Notice I told the USQL where to find the dlls, in the Assemblies folder. This step only needs to be completed once per data lake. After this job successfully runs, then the dlls which allow the JSON to be parsed, can be referenced.

Here is my sample JSON, which I have copied to the folder Samples/Data/TestNew.Json, in the Data Lake

{
"appInstanceId": "357ced1e-cf05-459c-9317-794bq24f61c2",
"firmwareVersion": "1.0.2.4",
"serialNumber": "254542-694967",
"Side": "0",
"Latitude": "33.8848744",
"Longitude": "-128.403276",
"GeneratedDate": "2016-10-04T21:18:19Z"
}

Now that I have added the JSON to the Data Lake and the assemblies have been added, I can write some USQL to Parse the JSON. First I will need to reference the libraries, then create a schema, as there is no schema for a Data Lake. After those steps are completed, it’s possible to write SQL to query a JSON file. There is no UI to look at the results, so the results will be writing to a file. I am going to output the data to a csv file called JSONOutput.csv. Here’s the code to do that.

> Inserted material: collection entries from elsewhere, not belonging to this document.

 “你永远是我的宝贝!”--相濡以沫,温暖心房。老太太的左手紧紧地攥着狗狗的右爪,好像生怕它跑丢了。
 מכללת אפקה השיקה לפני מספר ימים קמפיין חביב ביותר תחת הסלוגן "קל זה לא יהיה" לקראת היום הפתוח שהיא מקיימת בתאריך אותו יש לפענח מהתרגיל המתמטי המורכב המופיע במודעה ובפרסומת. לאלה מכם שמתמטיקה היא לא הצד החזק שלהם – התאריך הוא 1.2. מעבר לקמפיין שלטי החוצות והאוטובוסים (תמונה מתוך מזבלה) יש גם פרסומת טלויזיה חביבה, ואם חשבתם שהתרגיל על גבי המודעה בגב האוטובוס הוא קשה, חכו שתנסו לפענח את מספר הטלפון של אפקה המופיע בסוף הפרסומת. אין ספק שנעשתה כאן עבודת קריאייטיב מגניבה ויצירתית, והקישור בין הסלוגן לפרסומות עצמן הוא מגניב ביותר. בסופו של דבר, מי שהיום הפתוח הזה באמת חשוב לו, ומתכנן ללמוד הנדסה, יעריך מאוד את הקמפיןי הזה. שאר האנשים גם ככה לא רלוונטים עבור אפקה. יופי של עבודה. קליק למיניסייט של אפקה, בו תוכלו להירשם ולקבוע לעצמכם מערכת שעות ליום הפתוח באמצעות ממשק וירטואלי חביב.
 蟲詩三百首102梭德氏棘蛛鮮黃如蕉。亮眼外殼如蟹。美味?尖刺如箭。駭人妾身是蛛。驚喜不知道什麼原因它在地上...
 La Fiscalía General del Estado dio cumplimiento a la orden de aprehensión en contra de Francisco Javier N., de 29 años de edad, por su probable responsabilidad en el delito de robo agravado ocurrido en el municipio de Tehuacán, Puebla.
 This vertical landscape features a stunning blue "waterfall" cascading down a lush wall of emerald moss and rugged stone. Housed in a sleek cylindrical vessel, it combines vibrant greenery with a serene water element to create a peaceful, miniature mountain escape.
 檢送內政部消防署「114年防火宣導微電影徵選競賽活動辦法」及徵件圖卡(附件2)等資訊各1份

REFERENCE ASSEMBLY [Newtonsoft.Json];
REFERENCE ASSEMBLY [Microsoft.Analytics.Samples.Formats];

DECLARE @infile string="/Samples/Data/TestNew.json";

@logSchema =
EXTRACT name string
, appInstanceId string
, firmwareVersion string
, serialNumber string
, Side string
, Latitude float
, Longitude float
FROM @infile
USING new Microsoft.Analytics.Samples.Formats.Json.JsonExtractor();

@testthis = SELECT appInstanceId
, COUNT(*) AS LocationCount
FROM @logSchema
GROUP BY appInstanceId;

OUTPUT @testthis
TO "/Samples/Data/JSONoutput.csv"
USING Outputters.Csv();

vsrunjson

Using Visual Studio, I am running the USQL Job. There isn’t much data to parse, and you can see in the summary widows that it took 21 seconds to prepare, and 33 seconds to run.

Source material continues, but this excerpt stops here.